SF. Il y a certaines “démocraties” qui reposent sur des régimes dictatoriaux. Mais dans le cas de l’Argentine au moment de la dictature, le fait essentiel du poids qui pesait sur les prisonniers passait par deux niveaux. En premier lieu, le régime quotidien de détention : plus il est rigide, plus il expose la personne à sa propre fragilité personnelle et psychologique. Ensuite, les droits qui accompagnent les prisonniers politiques. Lors de la dictature, 80 % des prisonniers politiques étaient détenus sans procès. Nous étions emprisonnés en fonction de notre degré de militantisme ou de notre investissement associatif.
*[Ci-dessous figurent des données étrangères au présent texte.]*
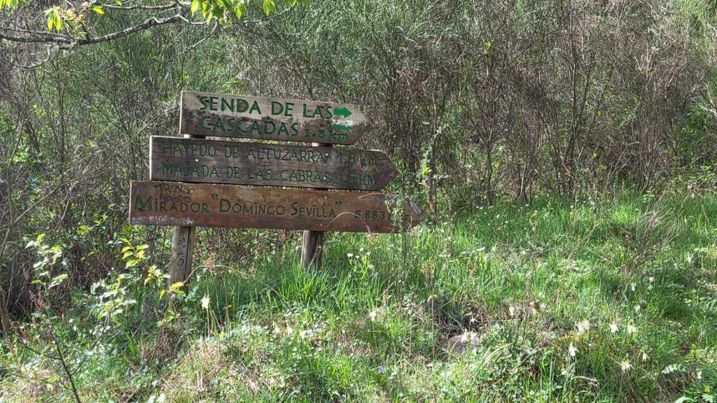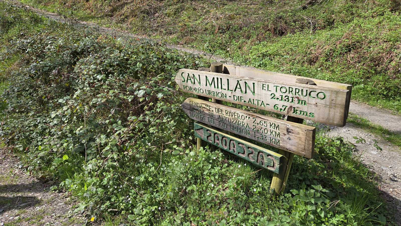 Nada más arrancar, una señal nos ofrece varias opciones para ascender al San Millán: por el desfiladero de Urbión o por las cascadas de Altuzarra. Elegimos esta última para realizar una ruta circular. Una vez en la cima intentaremos descender por el barranco. Tomamos el sendero de la izquierda, acompañados en todo momento por el río Urbión, que discurre a nuestra izquierda mientras pasábamos junto a pequeñas granjas hasta llegar a una pasarela que cruzaba el arroyo Abanza.
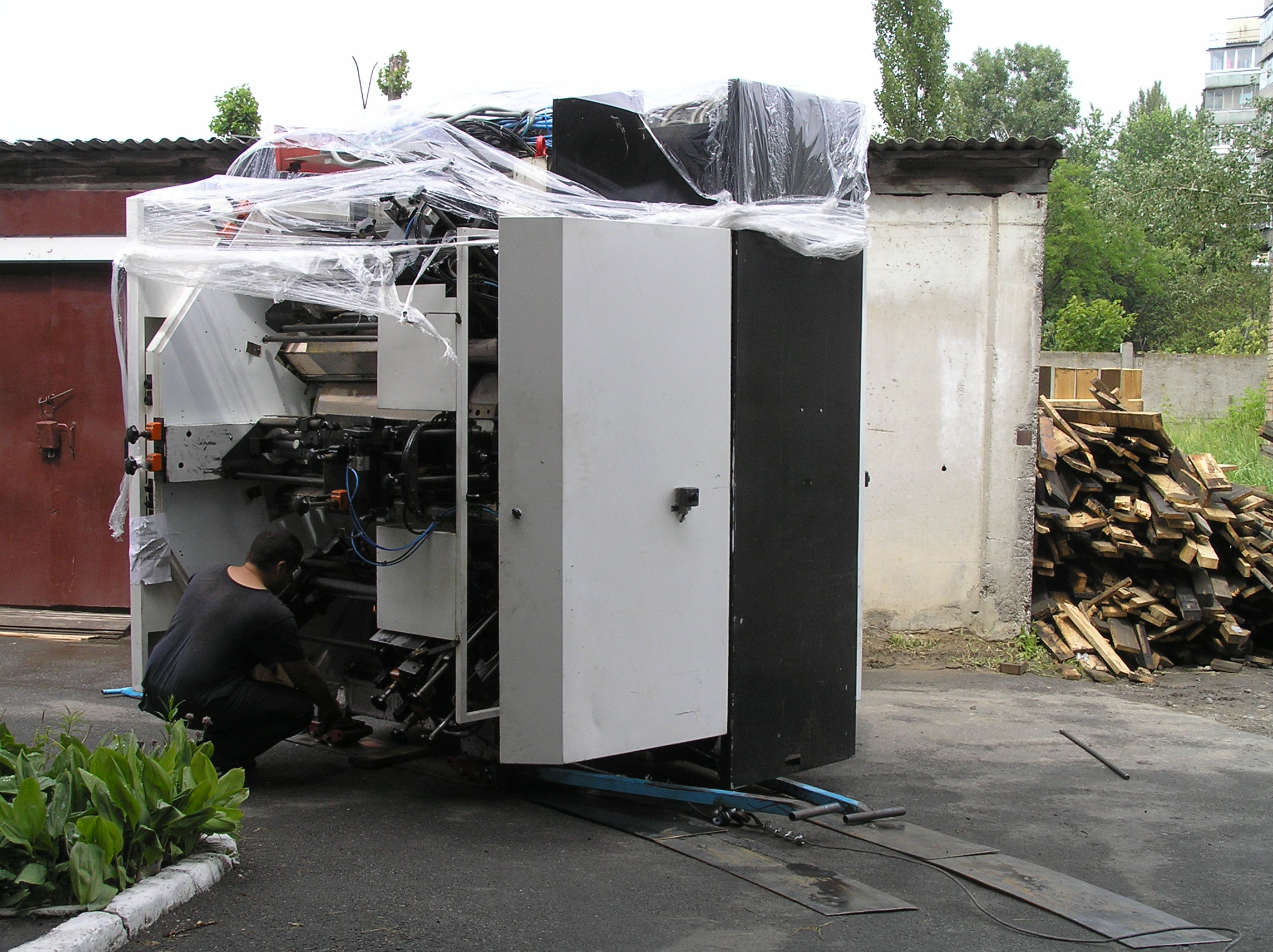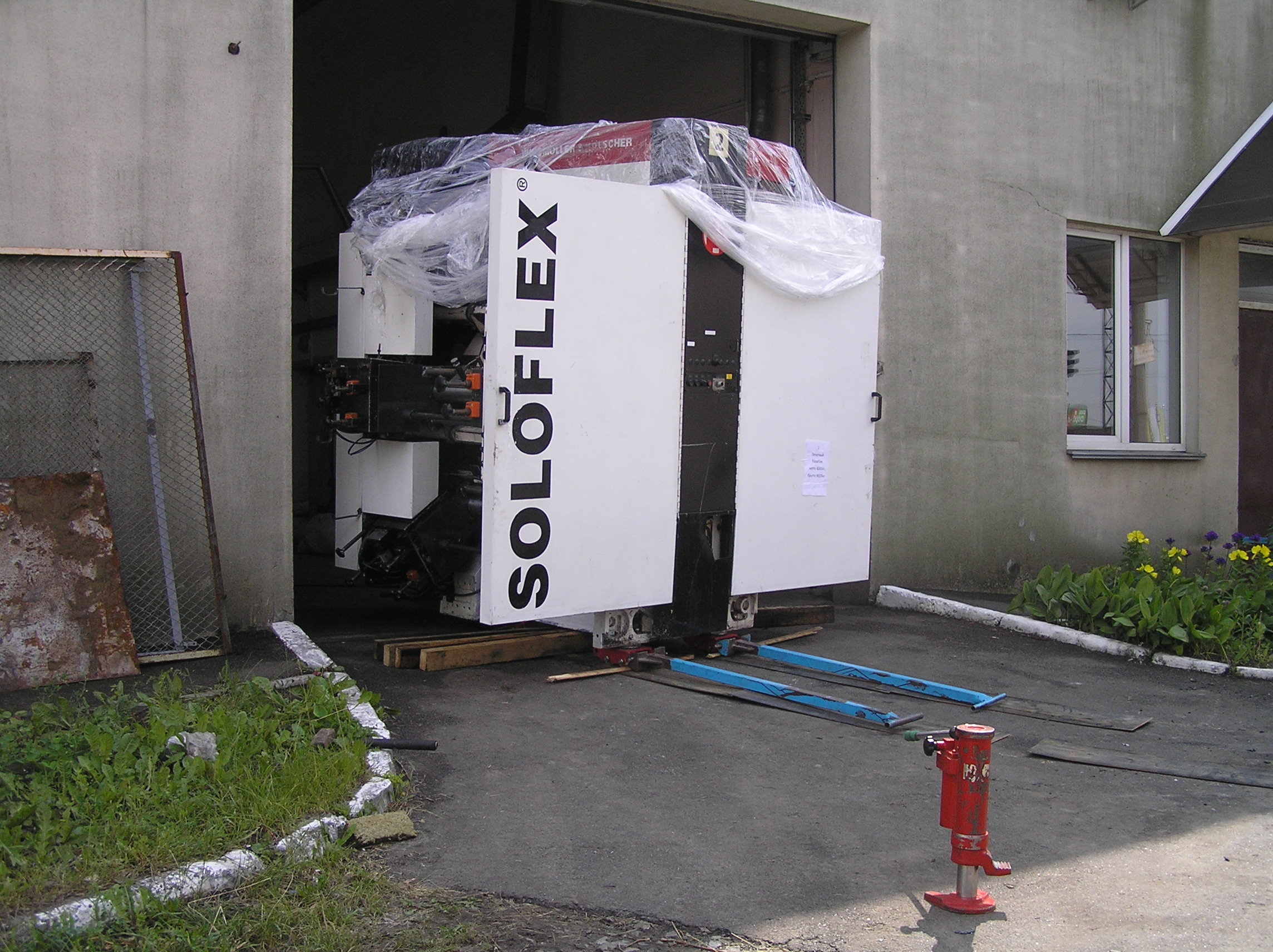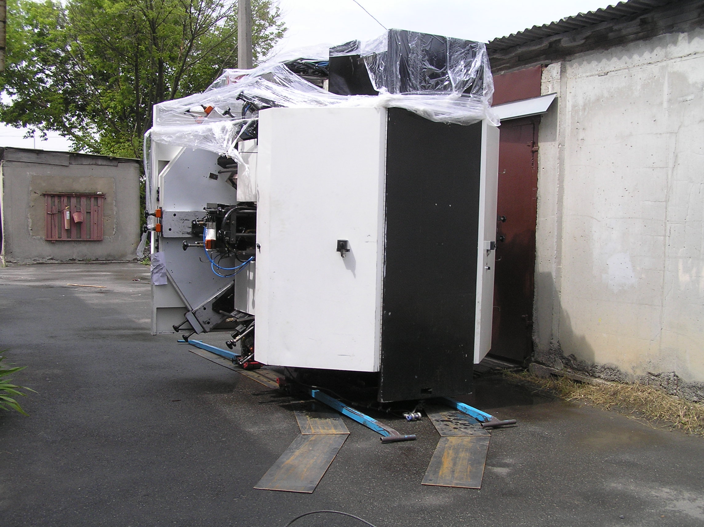 Настала наша очередь решать проблемы. Предстояло переместить станок 50 метров по мягкому асфальту, по нему же с подъемом и поворотом заехать в цех и уже по полированному бетону прокатиться в дальний угол к месту установки.

Cela crée une situation horrible. À partir du moment où le procès ne s’est pas tenu, où il n’y a pas eu de jugement, il n’y pas de droit à la défense ni de condamnation claire. Nous étions à la disposition du pouvoir exécutif national. Nous ne savions pas si l’emprisonnement allait durer un mois, six mois, une année ou vingt-cinq. Notre incarcération est arrivée à un moment où la fin de la dictature n’était pas acquise. Toute cette situation était confuse, la situation politique était instable. Nous n’avions pas d’horizon clair.
Un lecteur peut se demander : comment dans ces conditions-là, peut-on supporter une, deux, trois, quatre années ? C’est un point-clé, car c’est celui qui nous unit dans ce projet de livre.
Dans ces conditions-là, mes camarades et moi avons pu développer, avec beaucoup de créativité, une résistance collective à ce régime. Cette résistance quotidienne nous a permis de contrebalancer son impact. Face à notre isolement total, nous construisions de manière illégale un petit appareil que nous appelions “le périscope”. C’était une petite vitre collée avec de la mie de pain brulée et assemblée à une paille de balai : une sorte de petit miroir. Nous le glissions sous la porte pour contrôler les allées et venues des gardiens. En leur absence, nous commencions à libérer notre résistance : nous parlions par la fenêtre, nous vidions les toilettes pour communiquer à travers la tuyauterie… Nous commencions notre propre vie. Nous nous donnions des cours d’histoire, nous nous racontions des films, nous partagions toutes sortes de choses… C’est la partie extraordinaire de cette expérience. Nous étions des jeunes âgés de 20 à 25 ans avec beaucoup de générosité. Notre vision politique nous a rassemblés et nous a permis de résister. C’était la base de notre survie.